**TASK DESCRIPTION**
Retype the lines below exactly, but only those from the line that has "陳映蓉 陳柏儒 賴家正" through the line that has "Unleash your inner". Omit every picture.

Collected data entries
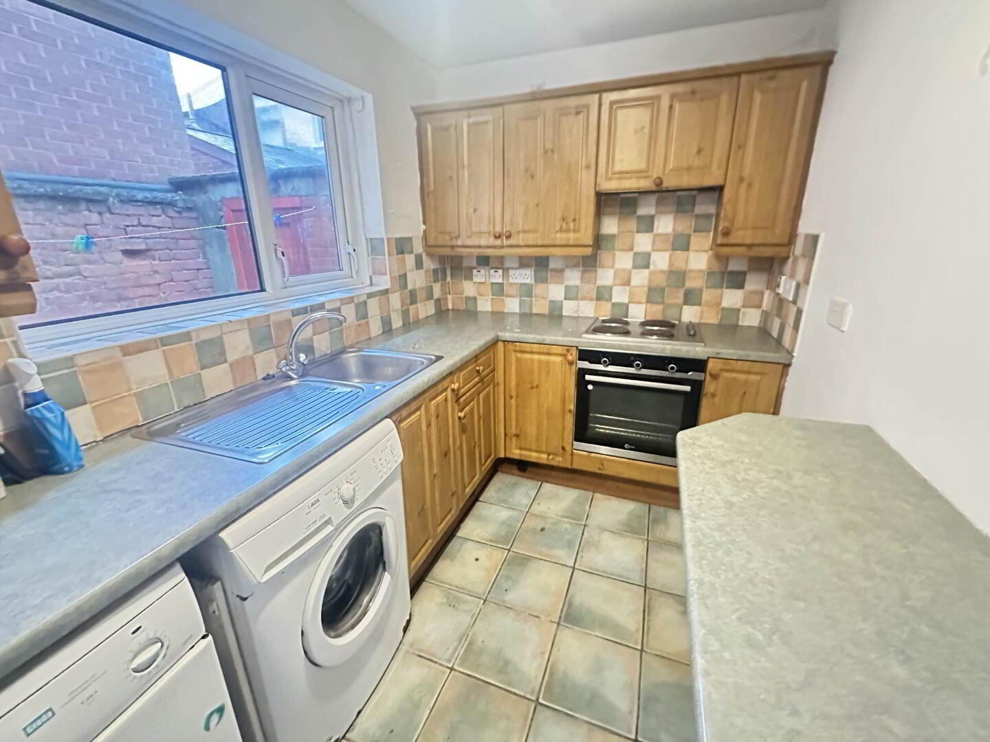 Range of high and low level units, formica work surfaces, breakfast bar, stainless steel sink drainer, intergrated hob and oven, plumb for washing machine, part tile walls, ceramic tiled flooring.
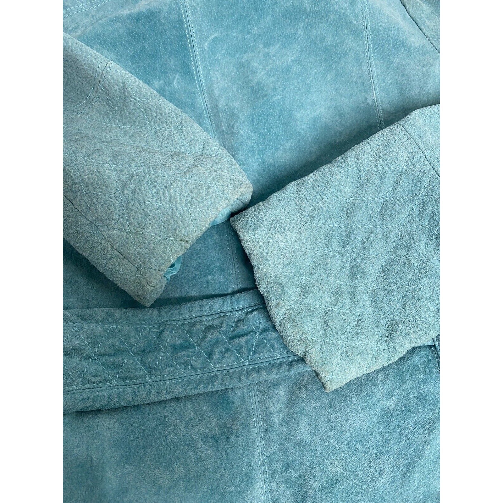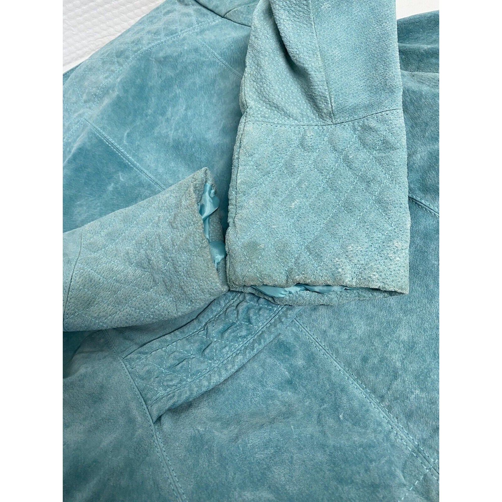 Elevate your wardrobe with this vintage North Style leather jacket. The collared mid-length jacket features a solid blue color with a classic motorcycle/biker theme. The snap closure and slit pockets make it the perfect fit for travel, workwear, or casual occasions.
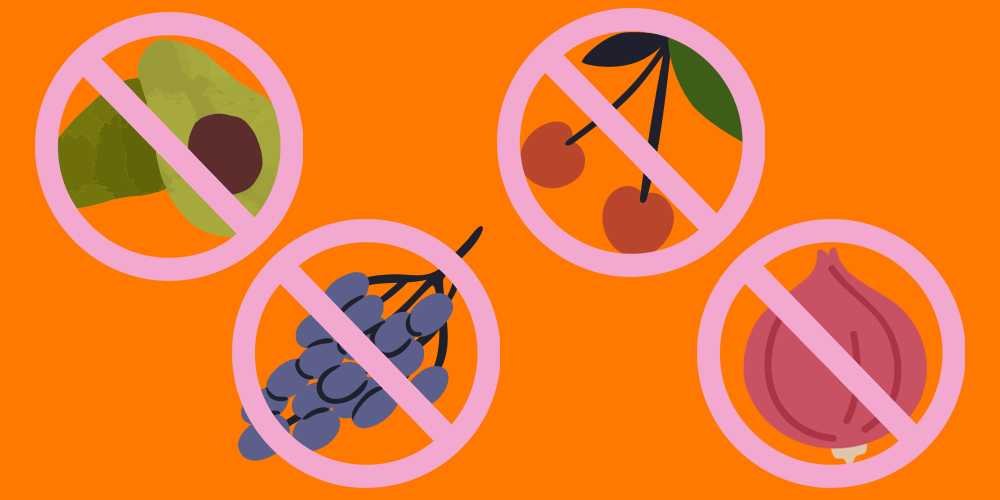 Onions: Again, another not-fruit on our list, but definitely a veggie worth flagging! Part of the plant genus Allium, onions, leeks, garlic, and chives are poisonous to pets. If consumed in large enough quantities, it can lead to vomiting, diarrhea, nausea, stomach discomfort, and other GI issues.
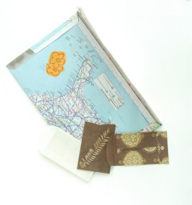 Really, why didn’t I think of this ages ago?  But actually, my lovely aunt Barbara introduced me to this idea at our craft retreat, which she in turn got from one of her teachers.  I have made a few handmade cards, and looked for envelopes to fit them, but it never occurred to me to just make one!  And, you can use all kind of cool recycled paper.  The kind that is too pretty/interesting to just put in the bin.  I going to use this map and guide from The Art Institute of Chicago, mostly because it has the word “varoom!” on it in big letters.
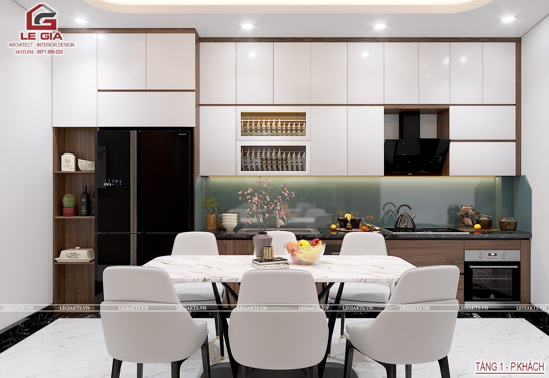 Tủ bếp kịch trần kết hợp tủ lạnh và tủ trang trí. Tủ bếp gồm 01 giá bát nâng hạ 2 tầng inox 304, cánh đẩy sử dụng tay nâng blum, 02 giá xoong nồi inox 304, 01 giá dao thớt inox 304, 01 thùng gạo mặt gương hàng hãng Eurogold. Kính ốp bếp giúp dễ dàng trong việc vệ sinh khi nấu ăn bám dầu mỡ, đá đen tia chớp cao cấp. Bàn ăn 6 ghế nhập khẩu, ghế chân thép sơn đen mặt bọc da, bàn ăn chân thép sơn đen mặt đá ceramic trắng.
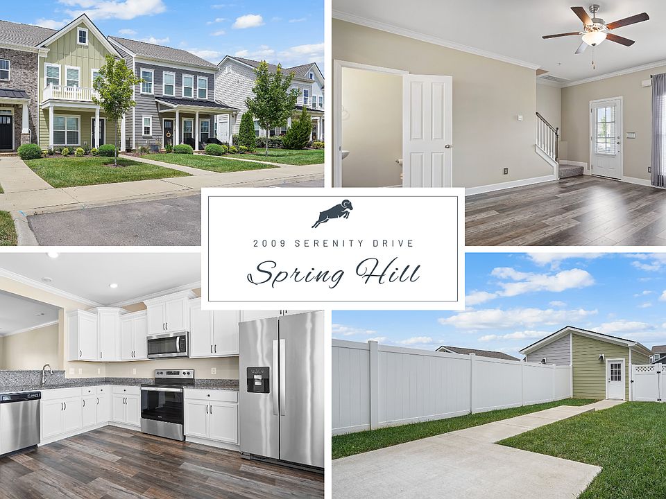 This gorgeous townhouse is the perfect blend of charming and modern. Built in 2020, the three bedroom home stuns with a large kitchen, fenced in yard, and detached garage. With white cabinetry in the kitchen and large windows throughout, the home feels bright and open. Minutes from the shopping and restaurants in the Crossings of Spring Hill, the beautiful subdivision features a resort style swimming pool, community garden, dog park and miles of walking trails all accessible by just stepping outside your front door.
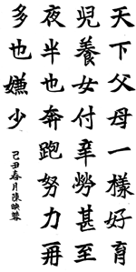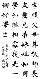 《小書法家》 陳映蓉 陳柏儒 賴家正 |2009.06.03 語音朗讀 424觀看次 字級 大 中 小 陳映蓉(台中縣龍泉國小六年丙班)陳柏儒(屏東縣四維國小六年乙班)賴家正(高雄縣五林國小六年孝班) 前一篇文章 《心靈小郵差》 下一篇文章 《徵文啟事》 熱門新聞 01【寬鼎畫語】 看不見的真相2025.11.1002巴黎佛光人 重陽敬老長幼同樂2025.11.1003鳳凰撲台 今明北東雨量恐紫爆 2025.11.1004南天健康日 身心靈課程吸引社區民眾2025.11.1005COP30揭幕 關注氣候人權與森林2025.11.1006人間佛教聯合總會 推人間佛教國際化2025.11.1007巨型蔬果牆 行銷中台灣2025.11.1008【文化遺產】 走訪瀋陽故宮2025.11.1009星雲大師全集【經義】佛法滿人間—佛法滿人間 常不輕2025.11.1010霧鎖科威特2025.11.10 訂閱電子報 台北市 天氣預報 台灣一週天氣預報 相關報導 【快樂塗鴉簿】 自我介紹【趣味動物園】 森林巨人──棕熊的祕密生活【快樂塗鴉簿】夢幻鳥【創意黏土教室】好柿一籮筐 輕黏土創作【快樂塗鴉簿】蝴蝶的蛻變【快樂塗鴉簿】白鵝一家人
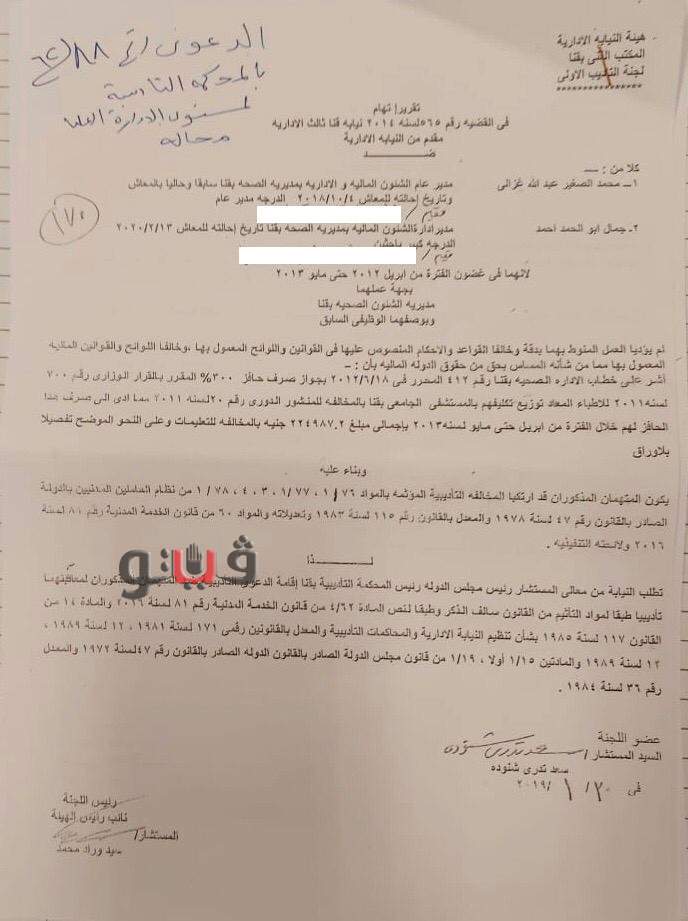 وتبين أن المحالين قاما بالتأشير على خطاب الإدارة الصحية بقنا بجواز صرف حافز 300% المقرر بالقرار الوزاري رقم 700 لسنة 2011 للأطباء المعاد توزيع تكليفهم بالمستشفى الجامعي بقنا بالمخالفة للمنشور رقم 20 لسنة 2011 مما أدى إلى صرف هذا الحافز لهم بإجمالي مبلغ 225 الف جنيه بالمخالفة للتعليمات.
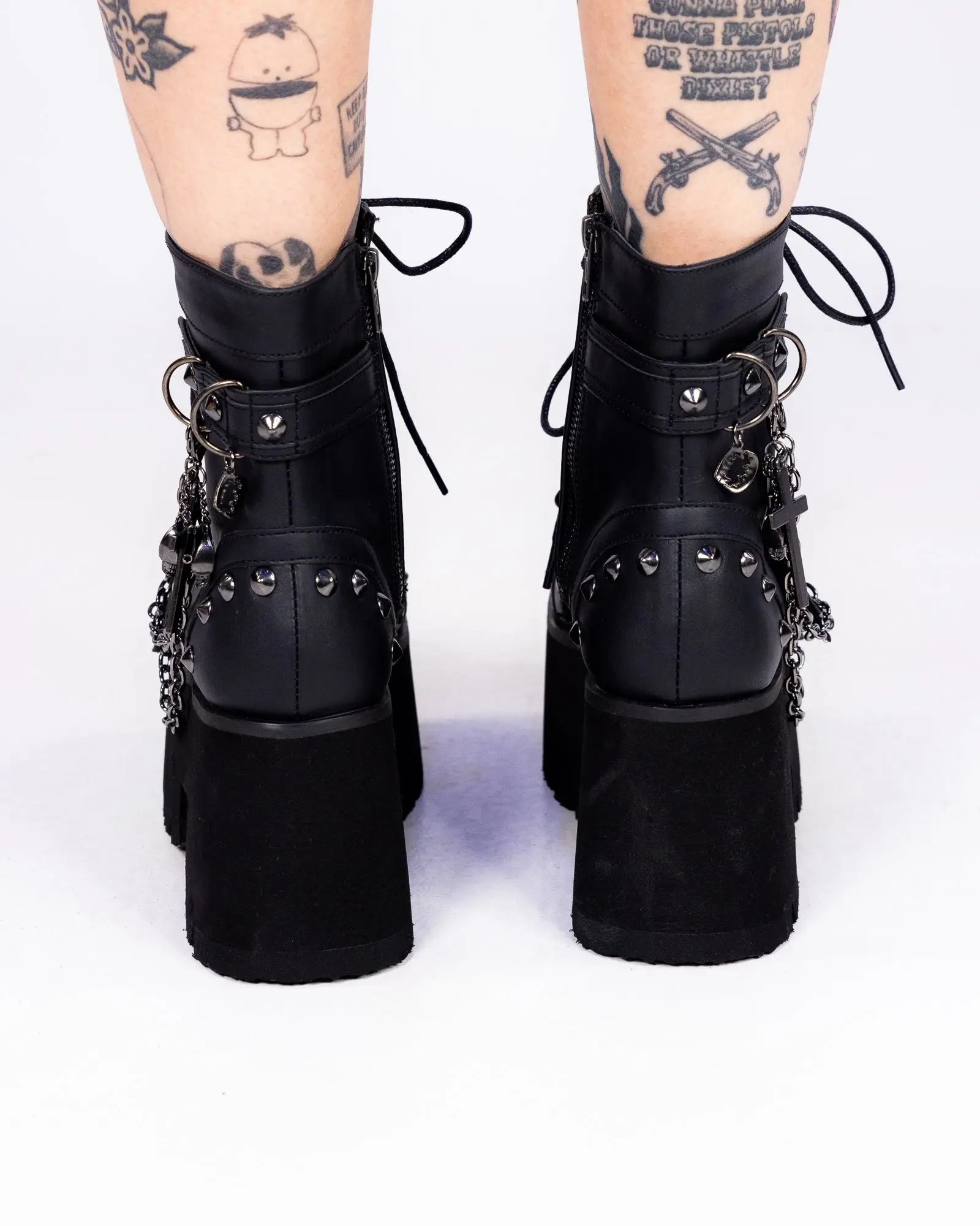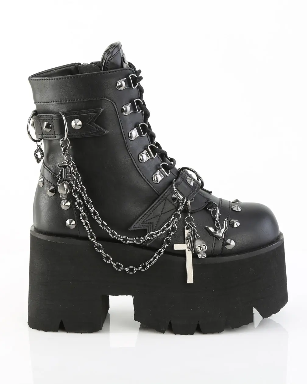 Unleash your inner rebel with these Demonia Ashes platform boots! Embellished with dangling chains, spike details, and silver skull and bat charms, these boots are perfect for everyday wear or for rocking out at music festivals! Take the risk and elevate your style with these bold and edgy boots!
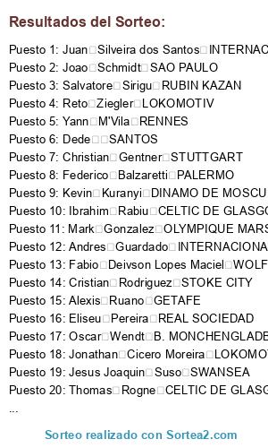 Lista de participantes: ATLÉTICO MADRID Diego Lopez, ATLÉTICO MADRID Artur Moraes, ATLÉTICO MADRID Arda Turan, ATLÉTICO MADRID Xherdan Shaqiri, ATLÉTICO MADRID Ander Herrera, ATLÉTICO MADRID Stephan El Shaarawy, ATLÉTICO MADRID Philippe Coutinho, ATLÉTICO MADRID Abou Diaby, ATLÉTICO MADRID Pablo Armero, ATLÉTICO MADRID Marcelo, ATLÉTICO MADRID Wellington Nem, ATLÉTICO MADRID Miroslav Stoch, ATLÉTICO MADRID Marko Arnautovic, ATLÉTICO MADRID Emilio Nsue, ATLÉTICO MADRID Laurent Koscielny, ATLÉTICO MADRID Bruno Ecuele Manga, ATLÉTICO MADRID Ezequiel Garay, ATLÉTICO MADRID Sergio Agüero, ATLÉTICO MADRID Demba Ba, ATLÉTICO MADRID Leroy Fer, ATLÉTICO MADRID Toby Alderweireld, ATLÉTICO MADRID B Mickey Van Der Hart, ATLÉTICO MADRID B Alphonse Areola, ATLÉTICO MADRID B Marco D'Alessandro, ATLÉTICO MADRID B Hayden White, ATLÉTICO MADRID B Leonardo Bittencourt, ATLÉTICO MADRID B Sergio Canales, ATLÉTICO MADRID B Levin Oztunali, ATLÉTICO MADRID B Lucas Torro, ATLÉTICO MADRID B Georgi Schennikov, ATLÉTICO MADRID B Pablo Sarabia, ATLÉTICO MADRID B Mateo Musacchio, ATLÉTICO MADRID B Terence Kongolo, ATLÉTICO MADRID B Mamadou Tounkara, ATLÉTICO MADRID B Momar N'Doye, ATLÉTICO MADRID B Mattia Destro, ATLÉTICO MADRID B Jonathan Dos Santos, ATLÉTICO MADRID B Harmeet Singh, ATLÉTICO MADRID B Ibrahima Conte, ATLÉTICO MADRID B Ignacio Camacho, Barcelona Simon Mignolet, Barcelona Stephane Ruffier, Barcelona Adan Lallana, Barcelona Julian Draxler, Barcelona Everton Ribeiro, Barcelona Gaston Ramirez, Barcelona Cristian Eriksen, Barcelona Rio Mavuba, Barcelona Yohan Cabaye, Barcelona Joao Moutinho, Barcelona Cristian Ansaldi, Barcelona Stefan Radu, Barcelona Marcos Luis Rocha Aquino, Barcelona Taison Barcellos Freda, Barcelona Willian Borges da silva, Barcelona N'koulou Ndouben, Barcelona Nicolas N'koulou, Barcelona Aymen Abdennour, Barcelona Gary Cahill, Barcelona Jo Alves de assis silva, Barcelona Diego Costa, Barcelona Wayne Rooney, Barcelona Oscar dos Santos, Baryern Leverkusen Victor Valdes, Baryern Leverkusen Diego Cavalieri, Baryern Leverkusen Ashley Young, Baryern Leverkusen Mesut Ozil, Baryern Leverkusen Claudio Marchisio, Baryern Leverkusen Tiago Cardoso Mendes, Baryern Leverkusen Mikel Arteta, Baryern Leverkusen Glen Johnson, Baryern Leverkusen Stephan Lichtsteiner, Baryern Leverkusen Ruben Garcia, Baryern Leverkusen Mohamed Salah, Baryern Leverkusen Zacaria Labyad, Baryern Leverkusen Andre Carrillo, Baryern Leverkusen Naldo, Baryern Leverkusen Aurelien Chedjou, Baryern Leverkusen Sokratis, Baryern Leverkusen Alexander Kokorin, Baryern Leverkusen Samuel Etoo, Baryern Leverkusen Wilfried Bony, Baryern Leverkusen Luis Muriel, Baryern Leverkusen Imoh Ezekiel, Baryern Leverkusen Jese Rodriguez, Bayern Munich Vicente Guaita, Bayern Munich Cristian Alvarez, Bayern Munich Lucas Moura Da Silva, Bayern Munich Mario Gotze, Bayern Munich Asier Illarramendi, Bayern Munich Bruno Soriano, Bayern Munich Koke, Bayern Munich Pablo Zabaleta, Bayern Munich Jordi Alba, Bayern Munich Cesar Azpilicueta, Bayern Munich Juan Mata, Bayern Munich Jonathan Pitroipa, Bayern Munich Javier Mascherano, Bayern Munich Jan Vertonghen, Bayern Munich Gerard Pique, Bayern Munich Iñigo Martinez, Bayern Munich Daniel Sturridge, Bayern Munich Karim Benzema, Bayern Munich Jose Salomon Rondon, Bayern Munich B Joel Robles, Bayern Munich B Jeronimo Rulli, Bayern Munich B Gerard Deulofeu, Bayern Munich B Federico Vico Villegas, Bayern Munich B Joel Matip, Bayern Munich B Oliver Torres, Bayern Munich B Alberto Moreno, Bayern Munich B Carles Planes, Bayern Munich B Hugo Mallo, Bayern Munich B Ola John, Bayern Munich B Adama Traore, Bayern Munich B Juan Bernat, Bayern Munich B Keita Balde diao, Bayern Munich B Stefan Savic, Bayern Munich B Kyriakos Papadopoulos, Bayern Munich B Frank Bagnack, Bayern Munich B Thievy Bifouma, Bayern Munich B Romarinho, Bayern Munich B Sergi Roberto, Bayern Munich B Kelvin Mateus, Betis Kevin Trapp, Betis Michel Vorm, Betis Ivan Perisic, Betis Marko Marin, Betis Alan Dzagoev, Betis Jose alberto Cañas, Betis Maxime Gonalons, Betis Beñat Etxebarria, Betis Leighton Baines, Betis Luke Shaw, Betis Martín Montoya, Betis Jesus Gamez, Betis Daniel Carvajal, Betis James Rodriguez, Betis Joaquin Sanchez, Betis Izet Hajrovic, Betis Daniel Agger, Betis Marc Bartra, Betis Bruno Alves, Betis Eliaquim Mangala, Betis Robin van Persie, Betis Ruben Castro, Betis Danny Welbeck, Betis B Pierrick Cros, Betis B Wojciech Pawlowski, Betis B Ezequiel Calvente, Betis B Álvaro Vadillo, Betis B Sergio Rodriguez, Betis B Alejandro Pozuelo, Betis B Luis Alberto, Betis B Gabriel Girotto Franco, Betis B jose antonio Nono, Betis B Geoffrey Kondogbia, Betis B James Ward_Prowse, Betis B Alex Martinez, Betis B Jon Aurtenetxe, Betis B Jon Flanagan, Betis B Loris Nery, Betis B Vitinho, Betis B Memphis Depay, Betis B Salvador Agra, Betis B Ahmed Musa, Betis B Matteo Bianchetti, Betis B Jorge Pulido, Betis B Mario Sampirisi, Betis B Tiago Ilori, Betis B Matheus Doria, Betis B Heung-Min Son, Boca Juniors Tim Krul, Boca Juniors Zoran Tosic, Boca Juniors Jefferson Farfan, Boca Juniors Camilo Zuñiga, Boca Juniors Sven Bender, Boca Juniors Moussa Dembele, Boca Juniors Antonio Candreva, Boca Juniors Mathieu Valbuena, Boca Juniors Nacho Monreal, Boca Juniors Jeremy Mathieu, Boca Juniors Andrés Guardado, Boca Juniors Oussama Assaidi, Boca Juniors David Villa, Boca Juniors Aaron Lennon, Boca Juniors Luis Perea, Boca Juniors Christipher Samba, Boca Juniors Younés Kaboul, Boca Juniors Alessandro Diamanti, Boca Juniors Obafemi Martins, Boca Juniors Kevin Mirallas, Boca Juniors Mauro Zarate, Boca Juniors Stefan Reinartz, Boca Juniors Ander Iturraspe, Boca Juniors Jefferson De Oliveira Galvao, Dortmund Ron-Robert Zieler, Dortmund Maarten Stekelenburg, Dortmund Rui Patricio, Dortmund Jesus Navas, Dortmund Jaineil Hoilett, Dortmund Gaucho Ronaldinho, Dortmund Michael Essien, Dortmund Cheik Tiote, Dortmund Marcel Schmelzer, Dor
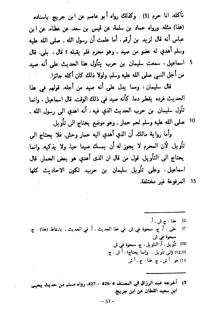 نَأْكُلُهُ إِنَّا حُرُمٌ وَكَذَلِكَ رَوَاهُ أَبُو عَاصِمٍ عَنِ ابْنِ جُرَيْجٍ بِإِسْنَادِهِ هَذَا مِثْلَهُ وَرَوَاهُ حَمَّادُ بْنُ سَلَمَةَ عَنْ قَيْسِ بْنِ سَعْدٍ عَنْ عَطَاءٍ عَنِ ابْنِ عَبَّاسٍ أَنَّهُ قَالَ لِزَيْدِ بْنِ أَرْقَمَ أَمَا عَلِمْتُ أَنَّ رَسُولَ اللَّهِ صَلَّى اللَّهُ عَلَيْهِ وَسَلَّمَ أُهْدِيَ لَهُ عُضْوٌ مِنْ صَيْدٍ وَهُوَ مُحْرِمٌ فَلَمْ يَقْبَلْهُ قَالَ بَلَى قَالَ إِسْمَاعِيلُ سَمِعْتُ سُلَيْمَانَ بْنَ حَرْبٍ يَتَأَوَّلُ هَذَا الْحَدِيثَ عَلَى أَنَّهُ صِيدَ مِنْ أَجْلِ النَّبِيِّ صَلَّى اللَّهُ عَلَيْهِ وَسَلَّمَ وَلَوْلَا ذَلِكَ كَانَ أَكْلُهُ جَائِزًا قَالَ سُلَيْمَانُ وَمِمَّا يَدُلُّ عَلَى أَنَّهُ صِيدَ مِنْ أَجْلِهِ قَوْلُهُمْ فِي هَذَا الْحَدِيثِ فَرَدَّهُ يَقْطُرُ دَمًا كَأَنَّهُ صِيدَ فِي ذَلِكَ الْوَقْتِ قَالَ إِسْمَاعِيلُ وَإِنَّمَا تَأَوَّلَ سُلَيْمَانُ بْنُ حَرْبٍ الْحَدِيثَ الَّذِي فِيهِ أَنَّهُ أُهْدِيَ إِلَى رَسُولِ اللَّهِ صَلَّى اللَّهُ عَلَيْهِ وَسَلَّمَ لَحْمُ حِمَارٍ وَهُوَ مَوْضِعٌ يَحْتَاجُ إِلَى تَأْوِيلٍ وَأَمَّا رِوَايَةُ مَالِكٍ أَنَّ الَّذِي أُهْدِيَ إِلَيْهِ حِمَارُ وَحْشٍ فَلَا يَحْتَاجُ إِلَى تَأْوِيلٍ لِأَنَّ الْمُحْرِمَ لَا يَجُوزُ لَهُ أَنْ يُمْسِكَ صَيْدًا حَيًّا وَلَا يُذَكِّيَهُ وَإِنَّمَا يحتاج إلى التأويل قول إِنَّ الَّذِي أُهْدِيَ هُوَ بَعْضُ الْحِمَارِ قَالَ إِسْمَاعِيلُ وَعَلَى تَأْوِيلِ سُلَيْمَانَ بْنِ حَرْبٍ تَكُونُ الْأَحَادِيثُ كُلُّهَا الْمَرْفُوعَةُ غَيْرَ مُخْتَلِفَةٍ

**WRITTEN ANSWER**
 《小書法家》 陳映蓉 陳柏儒 賴家正 |2009.06.03 語音朗讀 424觀看次 字級 大 中 小 陳映蓉(台中縣龍泉國小六年丙班)陳柏儒(屏東縣四維國小六年乙班)賴家正(高雄縣五林國小六年孝班) 前一篇文章 《心靈小郵差》 下一篇文章 《徵文啟事》 熱門新聞 01【寬鼎畫語】 看不見的真相2025.11.1002巴黎佛光人 重陽敬老長幼同樂2025.11.1003鳳凰撲台 今明北東雨量恐紫爆 2025.11.1004南天健康日 身心靈課程吸引社區民眾2025.11.1005COP30揭幕 關注氣候人權與森林2025.11.1006人間佛教聯合總會 推人間佛教國際化2025.11.1007巨型蔬果牆 行銷中台灣2025.11.1008【文化遺產】 走訪瀋陽故宮2025.11.1009星雲大師全集【經義】佛法滿人間—佛法滿人間 常不輕2025.11.1010霧鎖科威特2025.11.10 訂閱電子報 台北市 天氣預報 台灣一週天氣預報 相關報導 【快樂塗鴉簿】 自我介紹【趣味動物園】 森林巨人──棕熊的祕密生活【快樂塗鴉簿】夢幻鳥【創意黏土教室】好柿一籮筐 輕黏土創作【快樂塗鴉簿】蝴蝶的蛻變【快樂塗鴉簿】白鵝一家人
 وتبين أن المحالين قاما بالتأشير على خطاب الإدارة الصحية بقنا بجواز صرف حافز 300% المقرر بالقرار الوزاري رقم 700 لسنة 2011 للأطباء المعاد توزيع تكليفهم بالمستشفى الجامعي بقنا بالمخالفة للمنشور رقم 20 لسنة 2011 مما أدى إلى صرف هذا الحافز لهم بإجمالي مبلغ 225 الف جنيه بالمخالفة للتعليمات.
 Unleash your inner rebel with these Demonia Ashes platform boots! Embellished with dangling chains, spike details, and silver skull and bat charms, these boots are perfect for everyday wear or for rocking out at music festivals! Take the risk and elevate your style with these bold and edgy boots!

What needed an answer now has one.